Portanto, na “óptica dos intelectuais africanos, a boa governação seria entendida e avaliada pela maneira através da qual o triângulo desenvolvimento, democracia e inclusão é sustentado”.
Revisitando os propósitos dos movimentos independentistas de África, Chissano nota uma preocupação constante em relação à construção de novos Estados cuja governação seria orientada para a promoção do desenvolvimento, da inclusão social e do respeito pelos direitos dos cidadãos. Por outras palavras, o antigo governante e combatente pela independência defende que os movimentos nacionalistas propunham-se a estabelecer a boa governação. E para sustentar esta afirmação, chama à colação o “sucesso” de Moçambique na expansão dos serviços de educação e saúde nos anos imediatamente após a independência. “Durante o período imediatamente posterior à proclamação da independência, a nossa governação foi sempre orientada por um elevado sentido de responsabilidade, de preservação e promoção do bem comum”, disse, sem falar do momento e das causas da ruptura em relação a esse modelo.
Sem descurar as críticas presentes, o antigo Estadista diz ainda que “todos” os moçambicanos tinham a oportunidade de participar do processo de tomada de decisões a partir dos seus bairros. “Era a democracia popular que, apesar das suas imperfeições ou limitações objectivas, proporcionava aos cidadãos um importante espaço de participação e inclusão”.

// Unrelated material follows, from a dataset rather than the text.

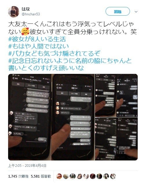 看到這些恐怖的LINE對話和「同時交往8女還能不錯亂」的套路後,Hana無奈表示:「到底是怎麼交到8個女友的?感覺太勉強,會過勞吧!」

Desafios do presente e do futuro exigem a formação de líderes
O tema da aula também incluía a liderança. Chissano começou por definir a liderança como a capacidade de influenciar pessoas para a realização de um objectivo comum, sublinhando que ela é uma condição importante para a formulação de “boas políticas públicas” num contexto de pluralidade, como é o caso de Moçambique. De novo voltando ao passado, o orador fez notar que as lutas pelas independências e a construção de novos Estados em África, e em Moçambique em particular, foram conduzidas por figuras carismáticas que revelaram qualidades inatas de liderança. Apesar de reconhecer este tipo de liderança na construção do Estado moçambicano, Chissano defende que os desafios do presente e do futuro exigem a formação e treinamento de líderes. “Da minha experiência pessoal, guardo muito respeito e grande admiração por aqueles líderes com qualidades inatas. Porém, estou convicto de que hoje existem vários motivos que tornam necessária uma formação que eduque o cidadão sobre os valores da liderança e boa governação, para reforçar as suas qualidades inatas”.